# Ripping apart blanks



## BryanMurphy (Jun 21, 2020)

I want to make some hybrid blanks but am out of rough pieces that would look good.

Has anyone come up with a good way to rip a normal blank in half in a "natural" looking way?


----------



## donstephan (Jun 21, 2020)

Can you givev an example of what you want to do?  I'm not following.


----------



## magpens (Jun 21, 2020)

Are you wanting to do some segmenting ?

The word "hybrid" has acquired a fairly specialized meaning to pen makers and pen blank makers.
It seems to be used as a descriptive word for blanks made with two different materials such as wood + resin ... cast in a pressure pot.
The wood pieces are most often rather rough in shape (broken, partially decayed, or whatever).
I guess you could call them "natural" in shape.

For a blank made by gluing pieces together, the term "segmented" is common. . The pieces are usually glued and clamped in some way.

I assume it is the former that you are wanting to work with.
I don't see that "ripping" with a saw of any kind is going to give you a "natural" looking result.

Have seen ads showing hybrid blanks made using "cut" wood pieces, with cut edges that appear anything but "natural", most being wavy.
I don't like the looks of those blanks precisely because they look "unnatural" so I have never bought or used any.
But maybe I am missing something.

Would be grateful if you could clarify your question, please.


----------



## Kenny Durrant (Jun 21, 2020)

In the past I’ve needed a small piece to finish off an end to a blank i was casting. I took a dreamer tool and an aggressive rasp and roughed up the end and edges as much as I could without just grinding up the whole blank. It looked great. The main thing is, in my opinion, not to leave any straight lines or heavy scratches that could be identified when the pen is turned. It wasn’t hard at all once I figured out what I didn’t want. After that it looked great.


----------



## Lucky2 (Jun 22, 2020)

Bryan, stick the blank in a vise, then break it into pieces with a hammer.

Len


----------



## BryanMurphy (Jun 22, 2020)

Lucky2 said:


> Bryan, stick the blank in a vise, then break it into pieces with a hammer.
> 
> Len


Sorry I wasn't a bit more specific.  I think Lucky2 and Kenny Durrant are on the right track.   I will give both those suggestions a try and see how it turns out.

As far as hybrid I am speaking of taking pieces of wood that have "natural" looking imperfections like knot holes and forming resin around those holes.  I just don't happen to have anymore wood with natural-looking ends.  Cutting the blanks would just make it look segmented.

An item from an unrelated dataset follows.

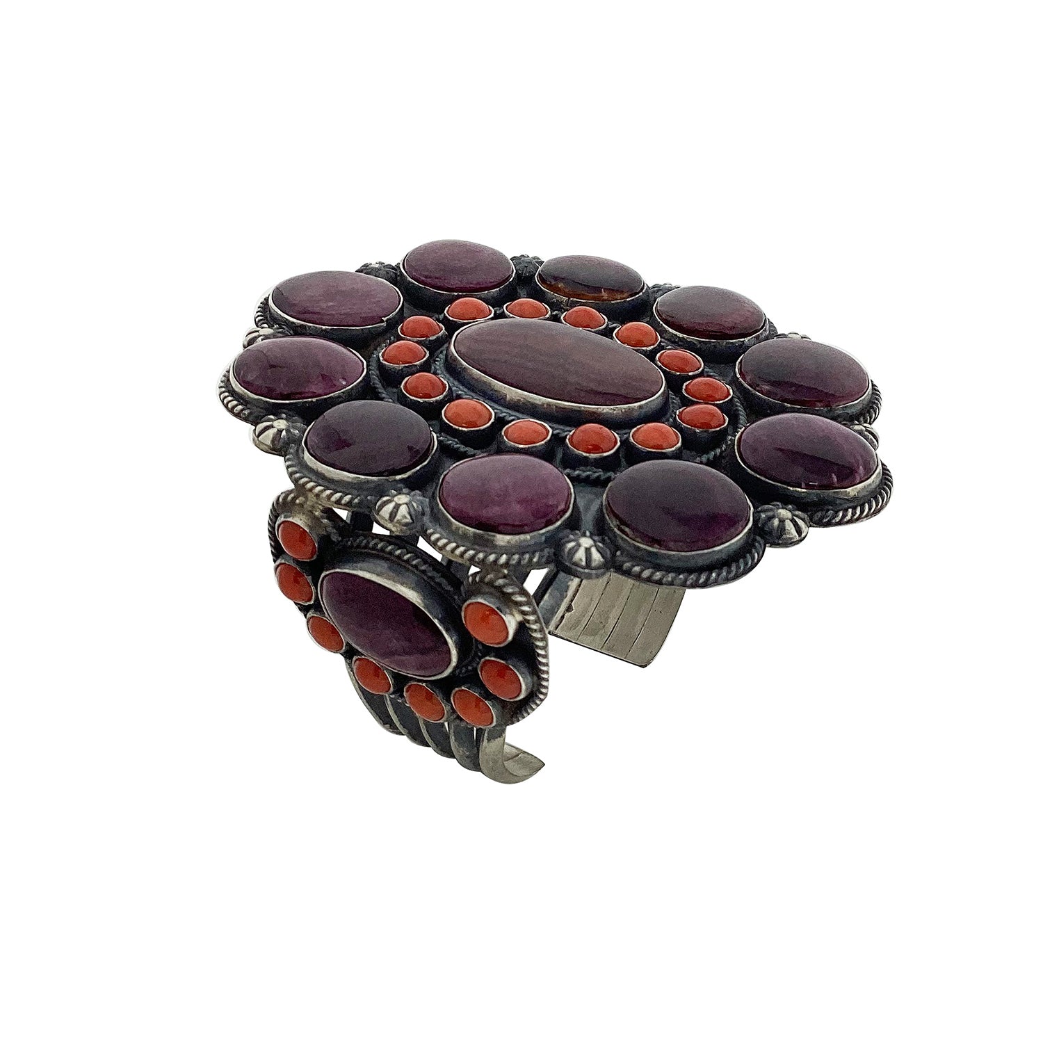 Navajo silversmith Anthony Skeets made this very impressive piece of handmade cluster art. You can always count on Anthony to make something different. This talented artist loves doing clusters and makes this amazing piece in many different stone patterns. He does the impossible again with this crazy cuff, an explosion of stone cluster. Anthony has styled a gorgeous summertime bracelet with lots of Coral that is mixed with rich purple spiny oyster shell stones. Anthony has surrounded the stone with a twist wire border, and given the silver his signature brushed finish. Anthony uses a comfortable five-triangle wire bracelet shank, one that displays the large cluster top perfectly. If you want something that is different and jaw dropping you found it.

If anyone has any other ideas I would love to hear them.


----------



## Dehn0045 (Jun 22, 2020)

Here is a video I ran into, might be what youre looking for.


----------



## BryanMurphy (Jun 22, 2020)

Dehn0045 said:


> Here is a video I ran into, might be what youre looking for.



That was EXACTLY what I was looking for.  Thank you! 

Also, that youtube channel looks awesome.  He uses a puppet, has a Bob Ross type voice, and has creative ways of breaking wood.


----------



## Dehn0045 (Jun 22, 2020)

MurphyPens said:


> That was EXACTLY what I was looking for.  Thank you!
> 
> Also, that youtube channel looks awesome.  He uses a puppet, has a Bob Ross type voice, and has creative ways of breaking wood.



lol, I was gonna say that I loved his humor, but thought that my say more about myself than I really wanted to share.  The little bit about The Hobbit cracked me up


----------



## andygorst (Jul 1, 2020)

MurphyPens said:


> That was EXACTLY what I was looking for.  Thank you!
> 
> Also, that youtube channel looks awesome.  He uses a puppet, has a Bob Ross type voice, and has creative ways of breaking wood.


He's not a puppet he's real. Didn't you see his hand when he took his glove off?


----------